The discussions have ignited within and outside Asian communities with the airing of ABC’s new sitcom, Fresh Off The Boat.

“I think it’s kind of an offensive term,” said Anh Hyunh, a Vietnamese student in her senior year at the University of Washington. Hyunh immigrated to the United States when she was 15. “Why don’t we call people who first got here from the Mayflower? Why do we use it for Asian people? I don’t think it’s fair.”

Coming to Seattle for college makes the barriers between international students coming from Asia and Asian-American students even more apparent.

Walking into Odegaard library at the University of Washington, many groups of Asian students are scattered around all floors, studying and chitchatting, sometimes in English, but sometimes it’s Mandarin, Cantonese, Korean, or Vietnamese. Many people can’t tell the differences between Asian nationalities and assume that all Asians share the same culture and stay in a huge Asian bubble together. However, international students, also known as the FOBs, and Asian Americans barely hang out: We often stay within our own separated Asian bubbles.

Asian Americans and international students don’t think of interacting with each other because their groups are self-contained and big enough, said Ted Chen, a Taiwanese American from Atlanta and an officer of the Taiwanese Student Association at UW.

Stereotypes also create distance between Asian Americans and Asian international students.
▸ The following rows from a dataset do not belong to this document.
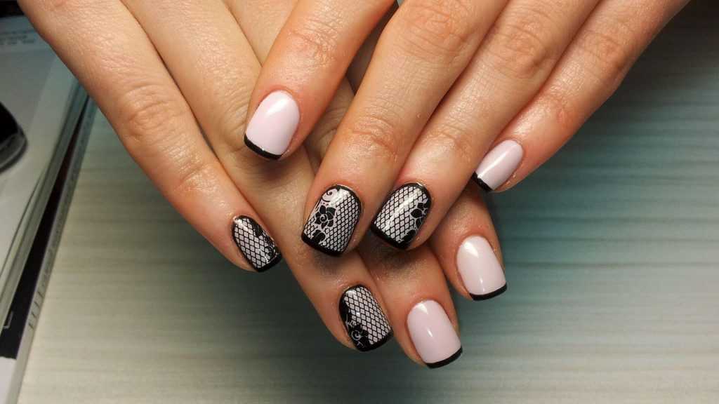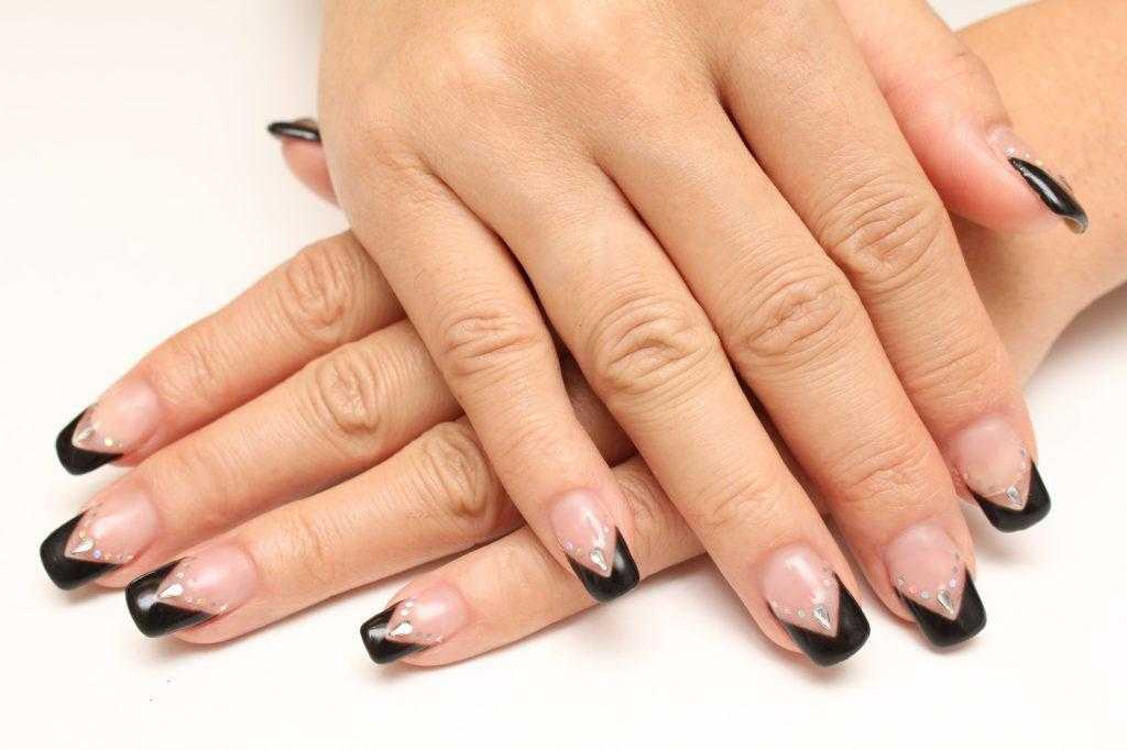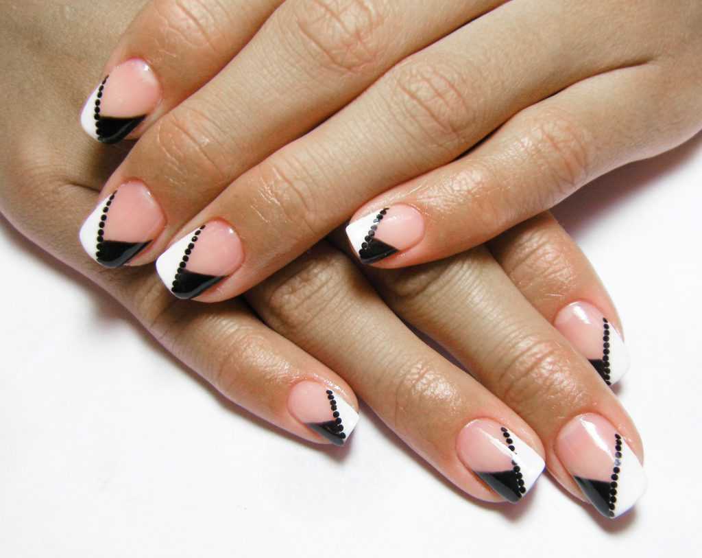Теперь относительно границы. Плавная округлая полоса сменилась на треугольный формат. Цвет нижней части часто выполняется из двух колоров: черного и белого, красного и синего или прочих подходящих по контрасту. Для того, чтобы завершить узор, мастера в изгиб кладут стразы или используют гипюровую наклейку, которая завершает рисунок.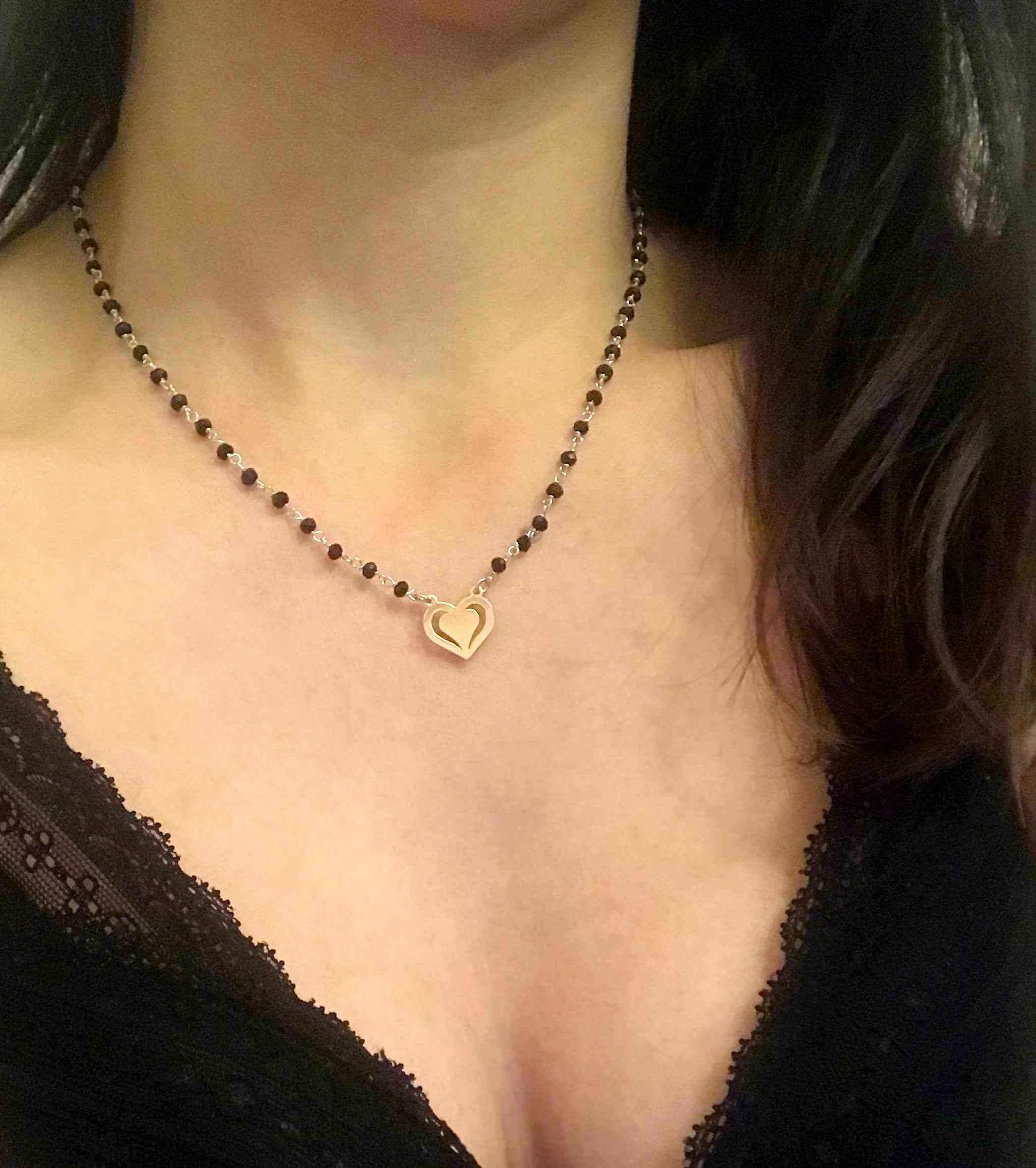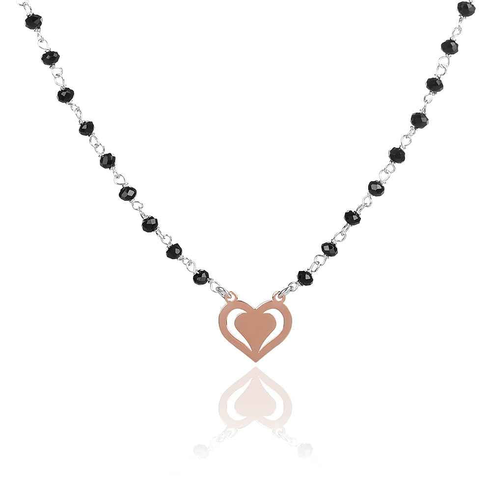Сребърно колие със сърце в розова позлата и малки фасетирани сферички от черен оникс по цялата дължина на синджирчето. Това тренди бижу ще се съчетае перфектно както с ежедневен топ, така и с вечерна визия. Страхотен акцент за деколтето!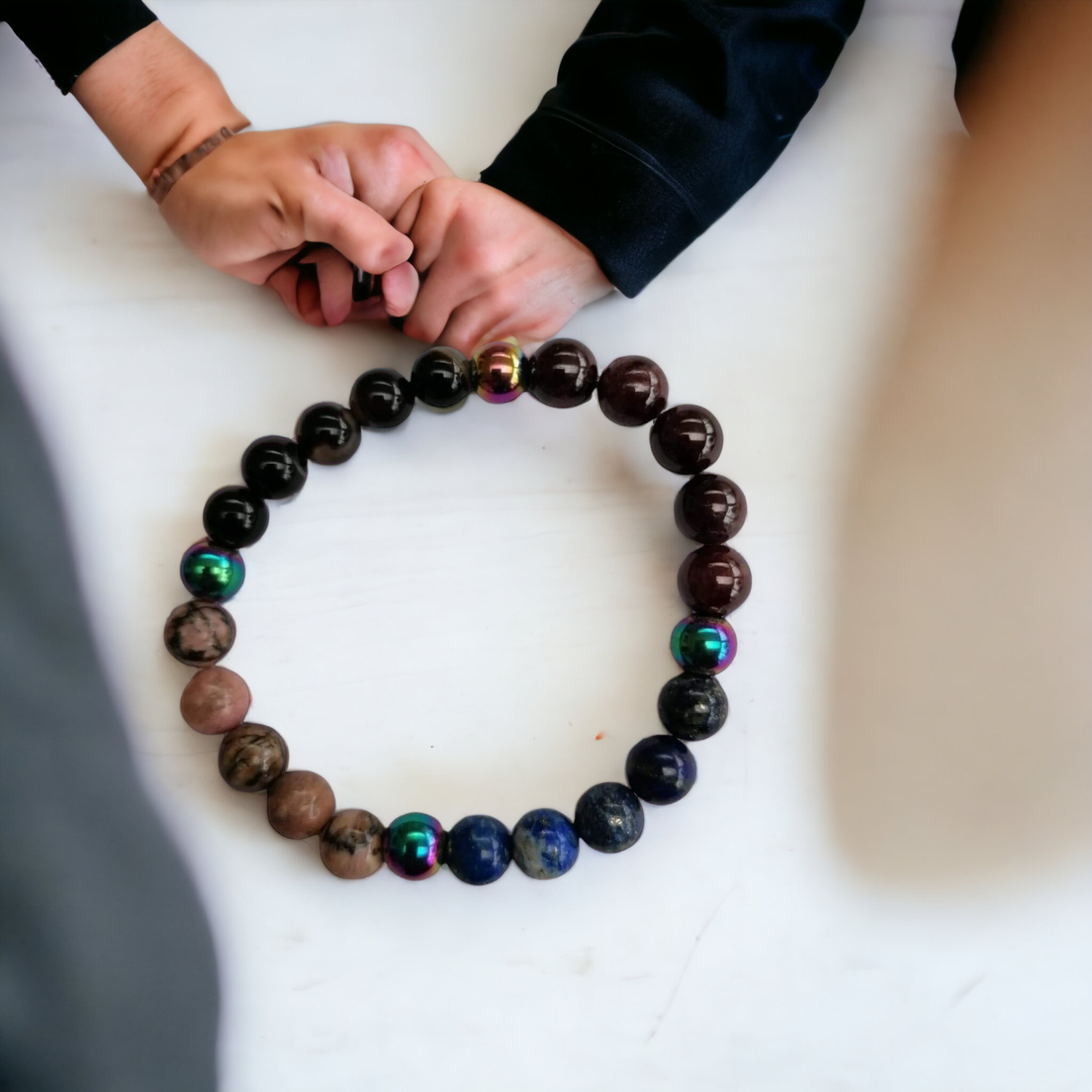 Modèle homme : ce bracelet est composé de grenat, de lapis lazulli, de rhodonite et de sardonyx

In the video “Labels—The Asian, American Divide,” a Chinese international student, representing the FOB group labels Chinese Americans as boastful, materialistic, wasteful and selfish. The other character, a Chinese American, labels the FOB group as having bad English and bad style and being nerdy.

Hyunh experienced the cultural differences Asian Americans and FOBs when she first came to America during her freshmen year in high school.

“In Vietnam, I don’t wear makeup at all,” Hyunh said. “Coming here and going to high school, seeing these 16 year olds wearing a lot of makeup and dyeing their hair blonde, it was really a shock to me that they are Vietnamese American, they are like me, but I don’t think I’ll get along with them.”

Identities in the two groups are complicated.

Many FOBs want to be somehow Americanized. We as international students try hard to show that we care so much about the Seahawks, even though we didn’t grow up watching American football or going to Superbowl parties. We pretend that we know about the Washington State University and UW tension when we don’t even know how it started. But look at the numbers of Asian international students on Greek Row—hardly any. We will never be “Americans” of any kind, not even Asian Americans.

Asian Americans, however, are still underrepresented in the media and they are still hoping to be treated the same as other races. And for those who want to fit in with the mainstream American culture, the heritage we carry from Asia makes it difficult.

Many international students, like myself, attempted to be friends with Asian Americans, but some of them tended to stay away from us, consciously or unconsciously. It might be because of our accents, how we dress, or simply because we remind them of the unpleasant childhood experiences they had being the victims of racism.

There are definitely solutions to overcoming this barrier. When Asian Americans understand the hardships FOBs have to go through as international students in the United States, they will be able to appreciate the cultures they carry from their ancestors’ motherlands. But at the same time, the FOBs need to know that Asian Americans have their own difficulties dealing with racism while growing up as well, and that it’s an ongoing battle.

UW alumni and Youtubers David and Andrew Fung—The Fung Brothers—once made a video called “Don’t Hate FOBs,” reminding Asian Americans that “FOBs are your parents” and they should embrace Asian culture instead of shying away from it.

Asian Americans and Asian international students seldom hang out or interact so it seems like there is no problem. But there is a problem, and it needs to be resolved. Both groups should have better understandings and be friends with each other.

Era Schrepfer, the executive director of The Foundation for International Understanding Through Students (UW FIUTS), said that they have noticed the gap between international students and domestic students who are tied to the same country, and FIUTS encourages students to be open and honest, and to assume that everyone has good intentions.

“You don’t always have to agree to be friends,” Schrepfer said.

Asians are already minorities in American society, and we should not let our rich heritage tear us apart.